Этого, однако, было вполне достаточно, чтобы Бадё приобрел репутацию знатока Польши и начал работу над «Письмами о действительном положении дел в Польше и происхождении ее несчастий», которые печатались частями в «Ephémérides» в 1770–1771 годах. Оказалось, что в Польше нет не только «искусств», но и «торговли», и даже «сельского хозяйства, достойного этого названия», поскольку слишком много земли там лежит под паром. Кроме того, в те же самые годы Бадё опубликовал «Экономические советы просвещенным гражданам польской республики касательно сбора податей». Это сочинение написано в жанре эпистолярного обращения, убеждавшего поляков, что они готовы к восприятию физиократических теорий. Он уверял, что «прямое обложение валового сельскохозяйственного продукта подходит [им] больше, чем любому другому народу», обосновывая тем самым претензии физиократов на управление польскими землями[696].
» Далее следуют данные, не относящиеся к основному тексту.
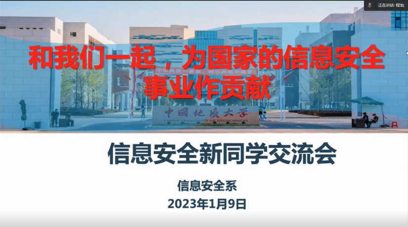 信息安全系系主任程池老师带来信息安全系的专业介绍,与同学们分享如何参与科研实践活动的方式与经验,展示了2023届的优秀员工的发展路径,代表信安系全体老师欢迎同学们与各位老师沟通交流,一起为国家的信息安全事业努力。希望大家在接下来的学习中,既要学好专业知识,同时也体会奋斗的喜悦;功不唐捐,即使失败也是非常宝贵的经历。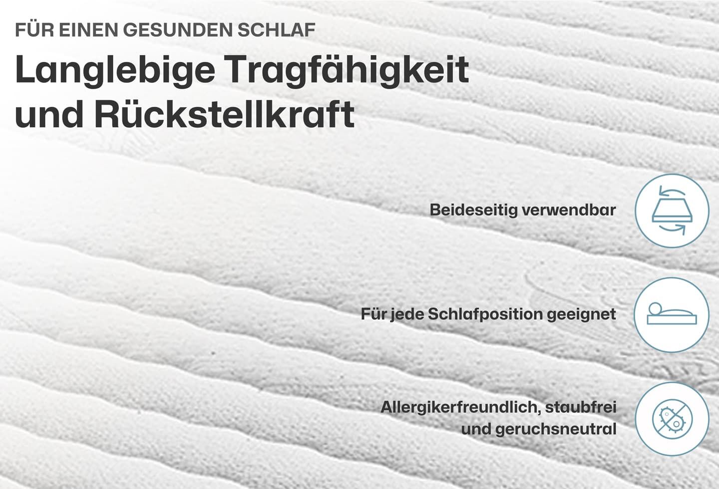 | Zonen: | Natürliche 7-Zonen-Körperanpasssung - Optimaler natürlicher Liegekomfort und ideale Schlafruhe | |
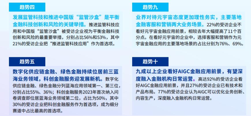 報告展望了2023年金融科技發展的十大趨勢,包括金融科技企業更加重視增強技術競爭力,降本增效趨勢較爲明顯;金融科技行業的核心痛點仍是如何在數據融合應用和安全保護間取得平衡;長三角、珠三角、京津冀等產業集羣優勢延續,蘇杭、成渝等新高地快速崛起等。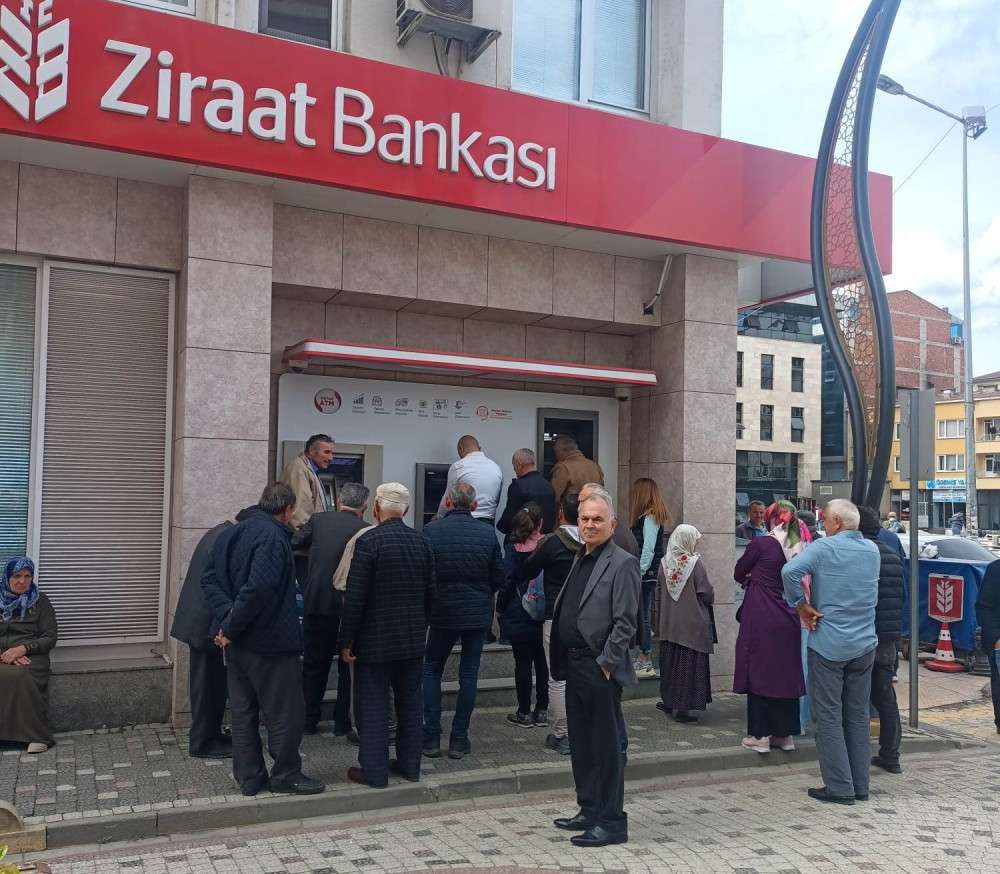 Bulancak’ın köylerinden gelen insanlar, bayram öncesinde hem Salı pazarına uğramak hem de emekli maaşları ve ikramiyelerini almak istemesi, banka hem içlerinde hem de önlerinde uzun kalabalıkların oluşmasına neden oldu.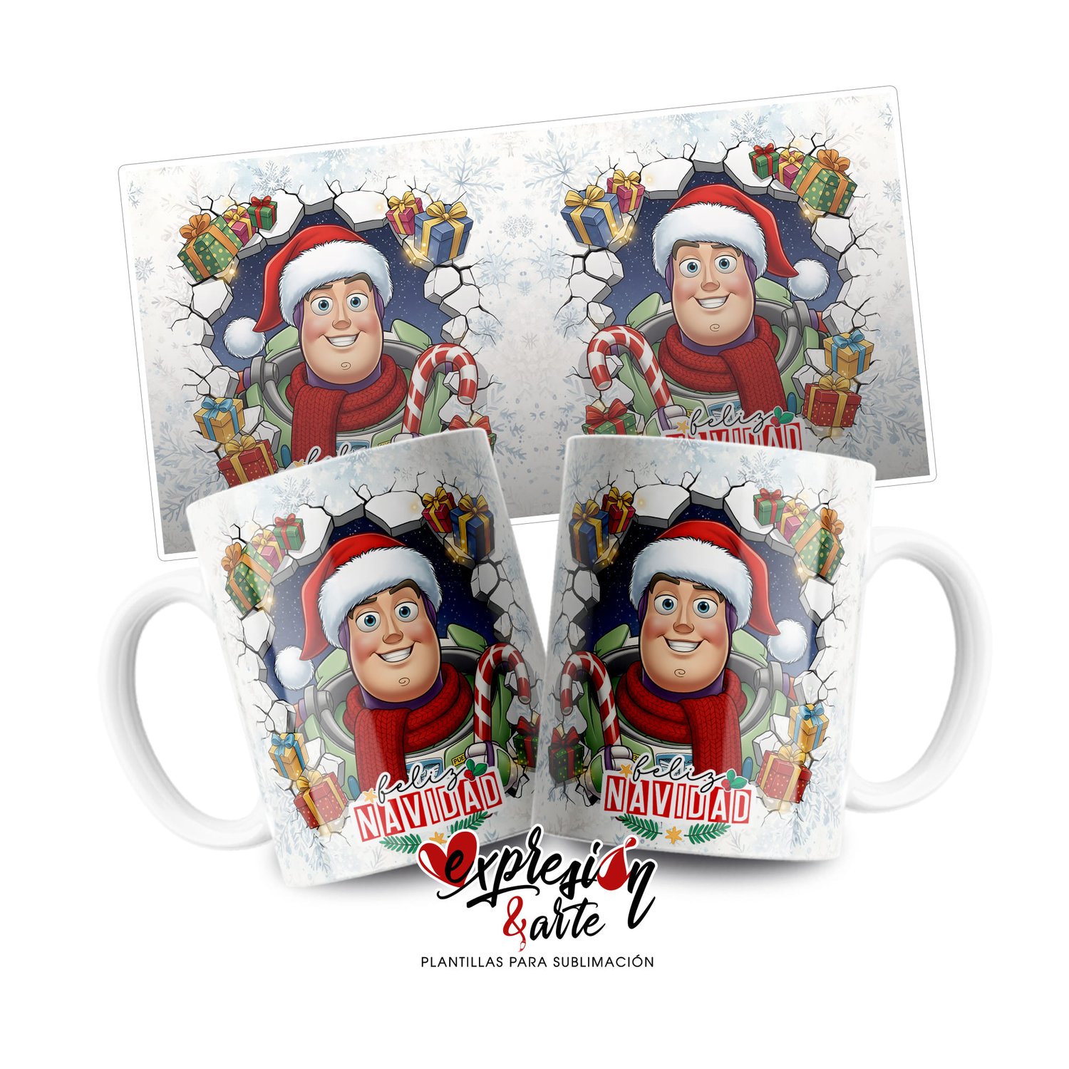 🎁 Pack 4 Diseños Originales de Navidad con Mickey, Jazmín, Daisy y Buzz Lightyear para Tazas 11oz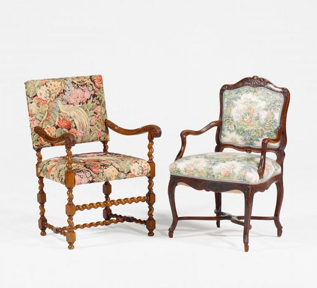 Eiche gepolstert. {Beil.:} Armlehnsessel. H.96 cm. Zustand B/C.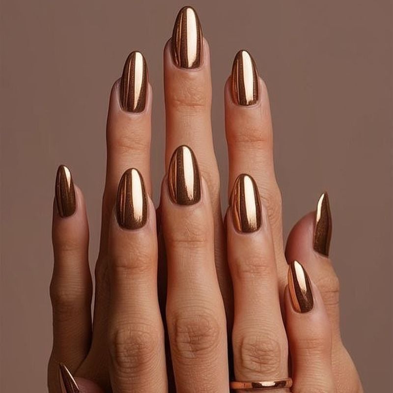 A warm bronze-gold chrome polish creates a rich and sophisticated manicure. The almond nail shape enhances the elegant metallic glow.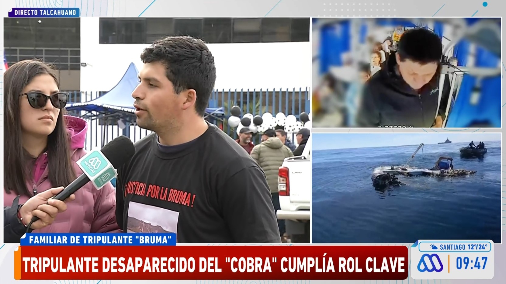 Lázaro Bravo, familiar de dos de los siete pescadores que se encuentran desaparecidos en Coronel, región del Biobío, tras el naufragio de la lancha "Bruma", criticó la actitud de la empresa Blumar, dueña del barco "Cobra".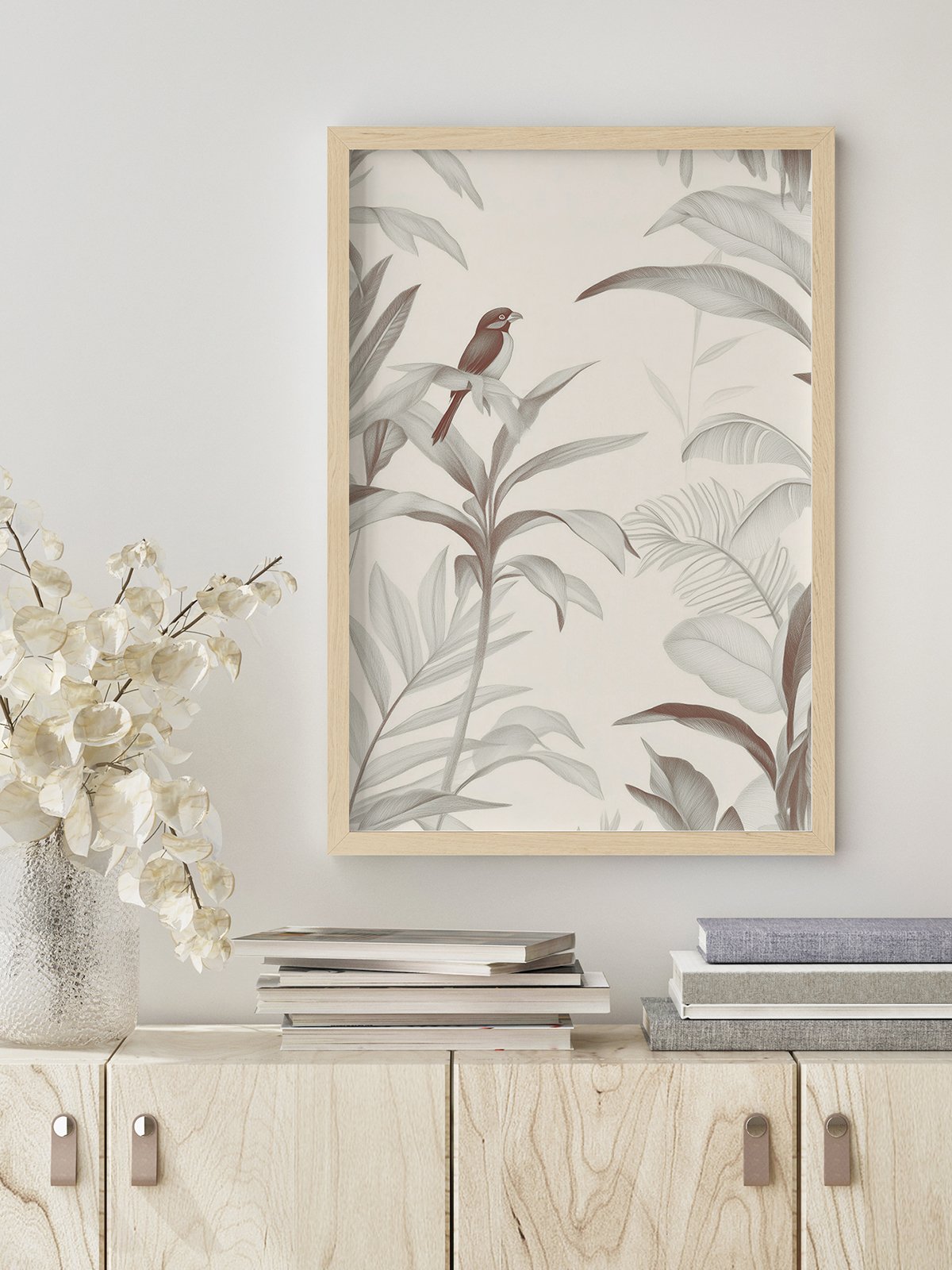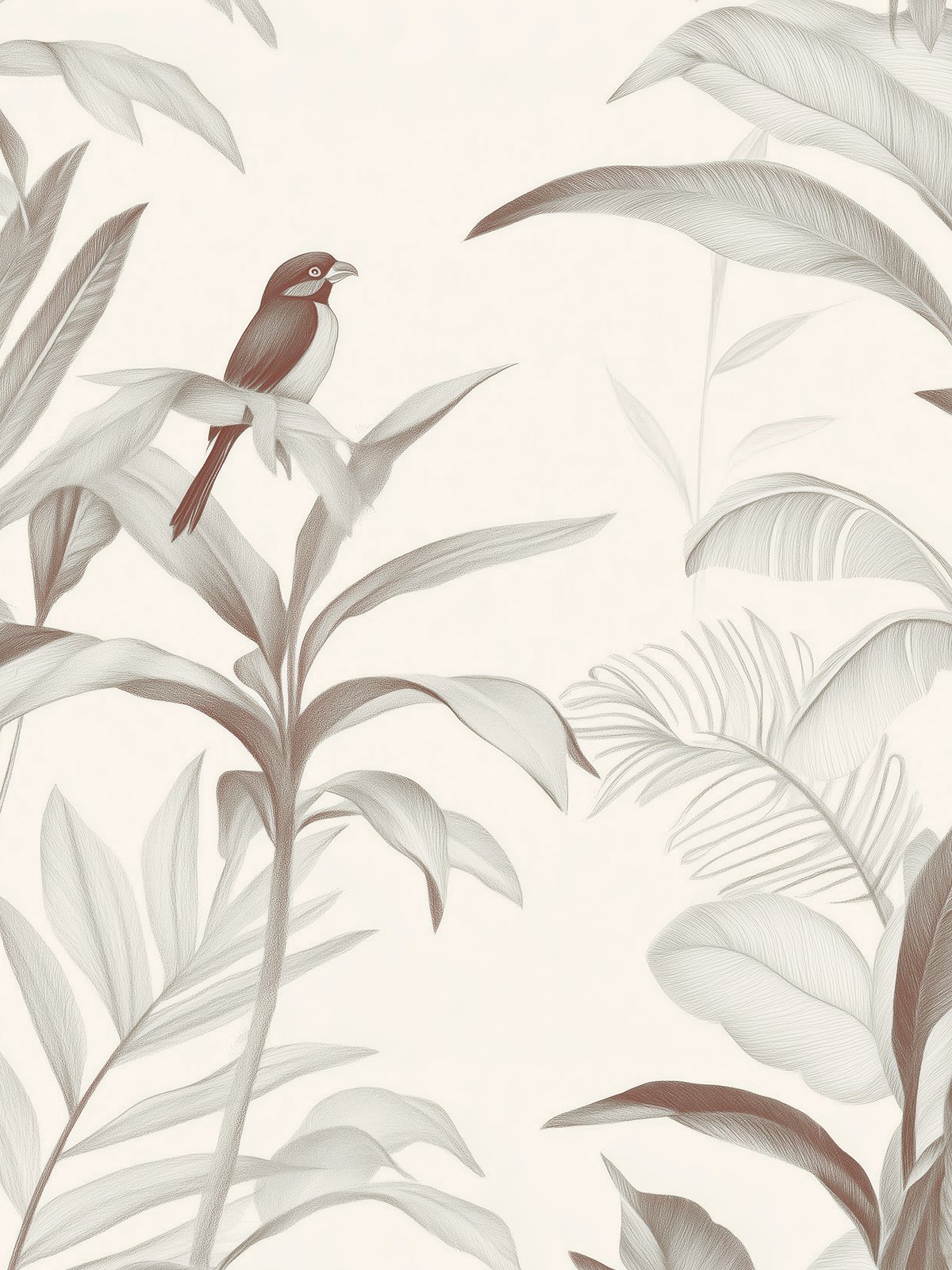 | A lone bird perches quietly amidst softly sketched tropical foliage. The composition exudes stillness and balance, as if time has gently slowed. |

Не только Бадё, вернувшийся из Польши, писал как эксперт по польским делам; Лемерсье, вернувшийся из России, тоже нашел что сказать о Речи Посполитой. Одновременно с Бадё он работал над сочинением «Общая польза поляков, или Замечания о средствах умиротворить навсегда настоящие волнения в Польше, совершенствуя ее правление и примиряя ее подлинные интересы с подлинными интересами других народов». Обращался он тоже прямо к полякам, подобно Руссо, в тоне политического одобрения, который, возможно, подогревало его недавнее изгнание из России. «Благородные поляки, основания вашего правительства достойны восхищения», — объявлял он; «вам нужно лишь сделать несколько шагов, дабы довести его до совершенства». Его предложения лежали в экономической плоскости, содержали дружелюбные отсылки к «Экономическим советам» самого Бадё и включали установление «закона собственности» и «вольной торговли». Даже Руссо, интересовавшийся в основном политическими и культурными проблемами, не смог удержаться в своих «Соображениях» от экономических рассуждений; он тоже настаивал на приоритете сельского хозяйства, отдаленно напоминая физиократов тем энтузиазмом, с которым стремился ограничить польскую экономику аграрным сектором. В духе утопической фантазии он расписывал пагубность финансов и даже денег, замечая с неподражаемой снисходительностью: «Возделывайте как следует свои поля и не беспокойтесь об остальном»[697].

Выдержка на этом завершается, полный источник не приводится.